- Born: 22 November 1977 (age 48) Montreal, Canada
- Occupation: Model
- Years active: 1987–present
- Modelling information
- Height: 5 ft 11 in (1.80 m)
- Hair colour: Blonde
- Eye colour: Blue
- Agency: Ford Models (New York) Oui Management (Paris) d'management group (Milan) Select Model Management (London) Le Management (Copenhagen, Stockholm) Public Image (Montreal)

= Kirsten Owen =

Canadian-born English fashion model (born 1970)

Kirsten Owen (born November 22, 1970) is a Canadian-born English fashion model.

==Career==

===Rise to prominence===
After being scouted in Toronto, Owen began modelling at the age of
9. In 1987 she appeared on the cover of Elle in three different countries (Spain, France and Italy). However, after this amazing breakthrough, Owen did not immediately launch herself into modelling. In fact, it was two more years before when she got another big break, appearing on the cover of the French version of Marie Claire magazine in July and October 1989 and on the cover of i-D magazine in 1990. Later that year she also walked in Milan for Jil Sander's runway, while in early 1991, her face was once again featured on the cover of Elle, this time in an editorial. After this, it would be another five years before Owen would work again.
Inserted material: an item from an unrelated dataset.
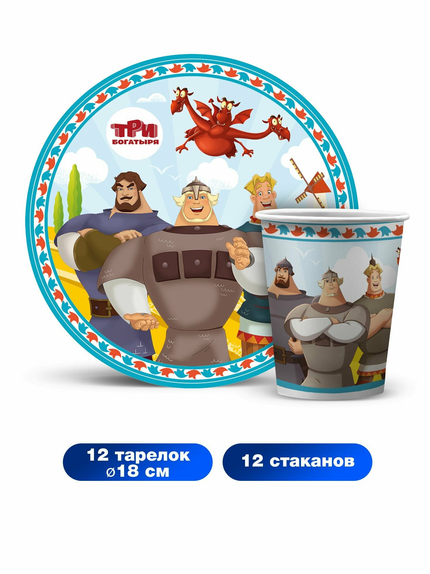 Набор одноразовой бумажной посуды для праздника ND Play / Три Богатыря (тарелка 18 см. , стакан, по 12 шт.) информация:

When Owen once again began working it was in a show in Milan for Prada in February 1996. After this, things began to pick up as she became the face of Helmut Lang and was again featured in an Elle editorial in January 1997. A month later Kirsten found herself in demand as she walked in shows in Paris and New York for Chloe, Dries van Noten, Yohji Yamamoto, Calvin Klein, and Helmut Lang. That same year Owen was featured in an editorial of Vogue Italia and appearears on the cover of the same magazine two months later. In 1999 she continued this success by becoming the face of Fendi. Kirsten Owen was also on the catwalk of Milan and Paris in September of that year, also worked for Dolce & Gabbana, Lanvin, Yves Saint Laurent, and Louis Vuitton.
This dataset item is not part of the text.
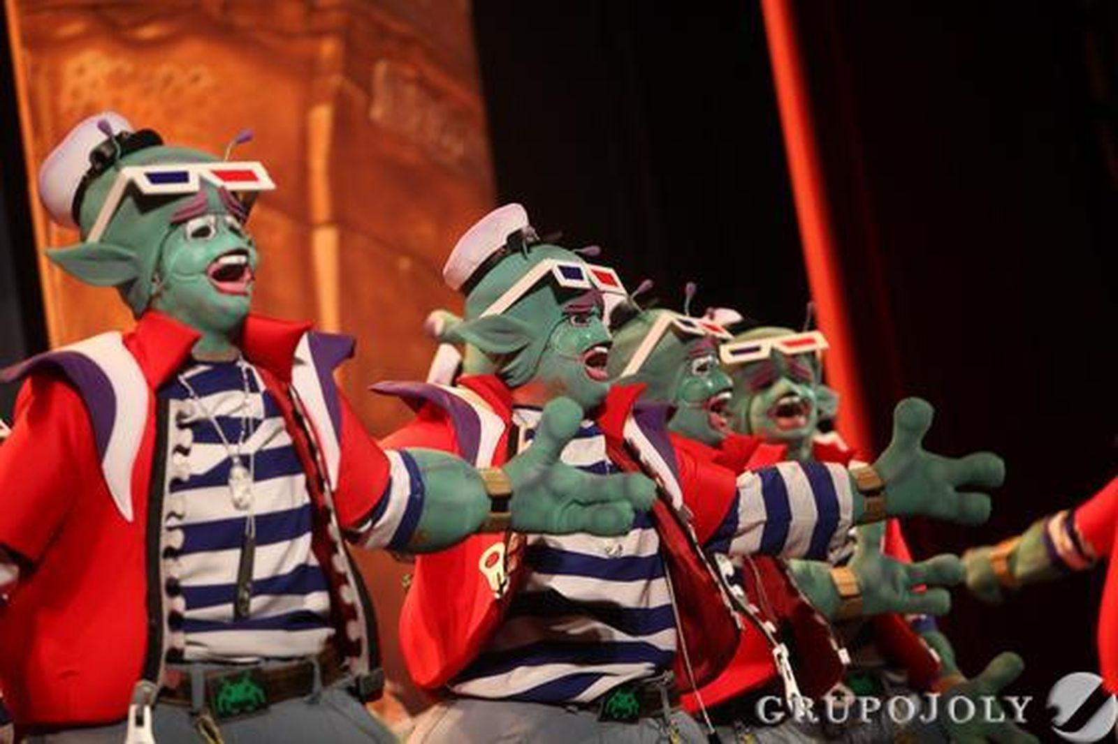 Las coplas. Abren cortinas y la comparsa nos descoloca. Y tanto. Un tipo complicado, un tipo chirigotero para un repertorio bonito. Creo que es la palabra. La comparsa de Tovar es tierna, es bonita y es, al contrario de lo que puede parecer, nostálgica, como añeja pero en otro universo. También hay momentos en los que se deshincha y no se defiende el repertorio con convicción y, quizás, por eso, hay veces que no suena todo lo bien que debería. Presentación deliciosa para contar una historia no tan rara. Ser aceptados por quien amamos. Ellos, de otro planeta, mueren en Cádiz y aunque quieren tocar al 3x4, "con estos dedos suena más a 3x2". Detalles simpáticos también durante todo el repertorio. Deliciosa presentación a los que siguen dos pasodobles muy emotivos (Tino escribe como a latidos). El desahucio desde el punto de vista de una joven pareja. El siguiente, al cuarteto con homenaje final para el grupo del Gago que ha pasado por muchas dificultades para estar hoy aquí. Mejor el primer cuplé de la independencia de Cataluña con toque para su grupo, los tres catalanes se han pirado. El segundo de las hinchadas, mejor desarrolo que remate. Al popurrí le falta fuerza interpretativa. Es un híbrido en toda regla... Interesante.

She signed a contract to become the face of Emanuel Ungaro, was in a print advertisement for Donna Karan, and was in a French Vogue editorial. Her career continued to rise as over the next three years she walked for the likes of Givenchy, Jean Paul Gaultier, Chanel, Donna Karan, Marc Jacobs, Moschino, Rochas, and Burberry all in the early months of 2001.
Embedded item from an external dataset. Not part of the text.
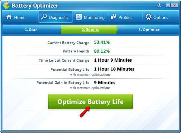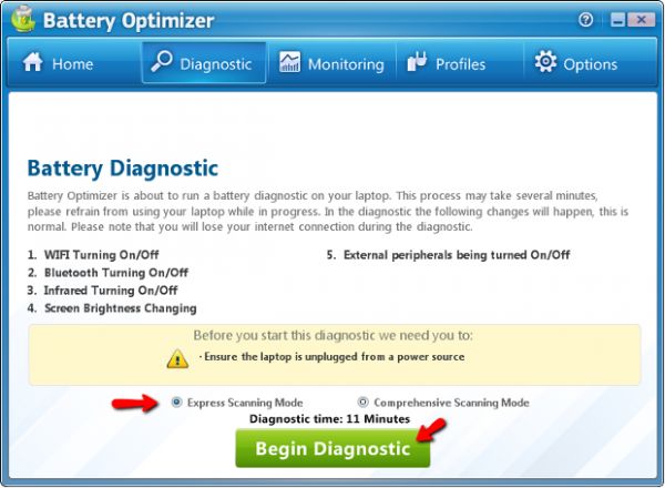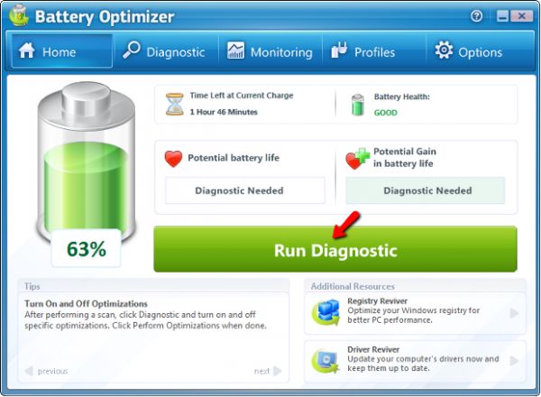 1.在Battery Optimizer的主屏幕上,单击“运行诊断”按钮以开始使用:

===Retirement and return to modelling===
In 2001, Owen pulled back from modelling, only doing a couple of jobs in 2002 and 2003. Three years later, in May 2007, she returned to the catwalk (at the age of twenty-nine) to close the Paris show for Kenzo. While Owen had mostly retired, she made a comeback in 2008 and returned to modelling as a primary face for Givenchy. She also replaced Victoria Beckham to become the new face of Marc Jacobs and signed on with Calvin Klein to work on his new fragrance campaign "one." Owen also made an appearance on the runway at New York Fashion Week and featured in an editorial for i-D.

In 2010, she appeared again on the runway during Toronto Fashion Week for Joe Fresh.